Die vorliegende Arbeit setzt sich mit den Möglichkeiten außerschulischen
Lernens im Rahmen des Geschichtsunterrichts auseinander. Verschiedene
Aspekte außerschulischer Lernorte und Lernens werden hierbei exemplarisch
an den Möglichkeiten eines Besuches des Jüdischen Deportations- und
Widerstandsmuseums in Mechelen, Belgien, vorgestellt.
Zunächst werden in gegebener Kürze Aspekte außerschulischen Lernens
dargelegt. Anhand der Begriffsdefinition der historischen Exkursion soll
aufgezeigt werden, welche Möglichkeiten das Aufsuchen unterschiedlicher
Lernorte im Geschichtsunterricht bietet. Die Lernorte Gedenkstätte und
Museum werden hierbei im Weiteren fokussiert. Unter Einbeziehung des
Kernlehrplans für die Sekundarstufe I wird im Folgenden das Konzept des
gelenkten entdeckenden Lernens untersucht.

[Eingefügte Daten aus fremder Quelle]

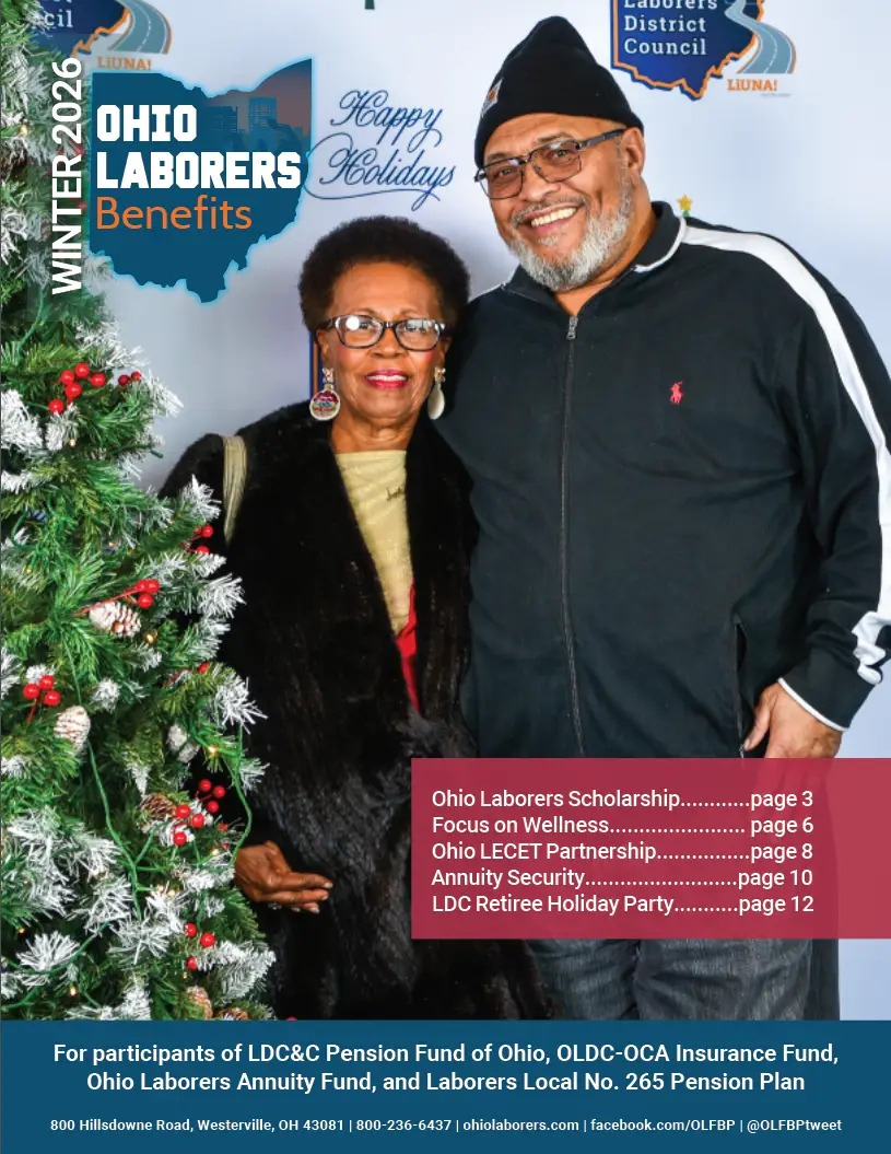 Ohio Laborers Benefits newsletters Current Issue Winter 2026Issue 1 Past Issues Winter 2025Issue 1 Summer 2025Issue 2 Autumn 2025Issue 3 Winter 2024Issue 1 Spring 2024Issue 2 Winter 2023Issue 1 Spring 2023Issue 2 Autumn 2023Issue 3 Spring 2022Issue 1 Autumn 2022Issue 2 Winter 2021Issue 1 Summer 2021Issue 2 Autumn 2021Issue 3 Winter 2020Issue 1 Spring 2020Issue 2 Summer 2020Issue 3 Autumn 2020Issue 4 Winter 2019Issue 1 Summer 2019Issue 2 Autumn 2019Issue 3 Spring 2018Issue 1 Fall 2018Issue 2 Spring 2016Issue 1 Summer 2017Issue 1 Fall 2017Issue 2 Summer 2015Issue 1 Fall 2015Issue 2 Summer 2014Issue 1 Fall 2014Issue 2 March 2013Issue 1 Summer 2013Issue 2 Fall 2013Issue 3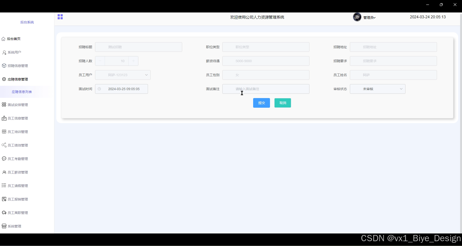 - 应聘信息管理:管理员可管理员工的应聘记录和面试安排,协调应聘流程和人才选拔。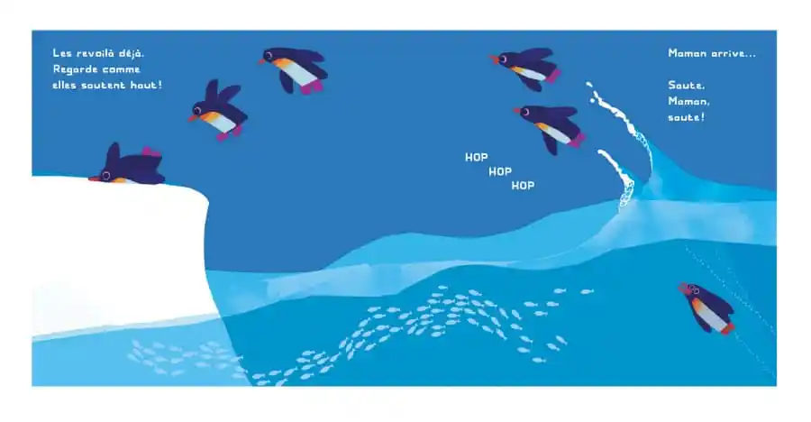 On a trouvé un autre Chris Haughton et il est très chouette. Maman Manchot va chercher du poisson pendant que Bébé et Papa Manchot l’attendent sur la banquise. Ils l’admirent de loin dans sa partie de chasse et l’encouragent à chaque étape. La nage, l’escalade, la glissade, le passage en silence devant les phoques pour ne pas les réveiller… L’aventure a des airs de compétition sportive. C’est à la fois mignon et drôle.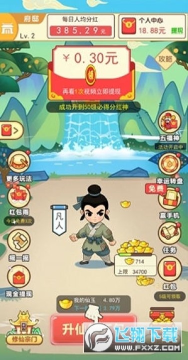 首富也修仙游戏是一个能赚钱的修仙主题游戏,简单的升级合成玩法,轻松易上手,奖励方面也还是不错的,首次提现更是有着超低的门槛,感兴趣的玩家们,快下载首富也修仙游戏试试吧。

Daran anschließend wird die Gedenkstätte Jüdisches Deportations- und
Widerstandsmuseum bezüglich ihrer institutionellen Geschichte, der
Dauerausstellung, des Gedenkens in der Ausstellung und ihres Archivs
vorgestellt. Abschließend wird exemplarisch ein museumspädagogisches
Angebot für SchülerInnengruppen beim Besuch des Museums untersucht.
Dieses bezieht das Konzept des gelenkten entdeckenden Lernens mit ein und
arbeitet mit einem biografischen Ansatz, indem es den Besuch und die Arbeit
in der Ausstellung anhand von persönlichen Biografien strukturiert.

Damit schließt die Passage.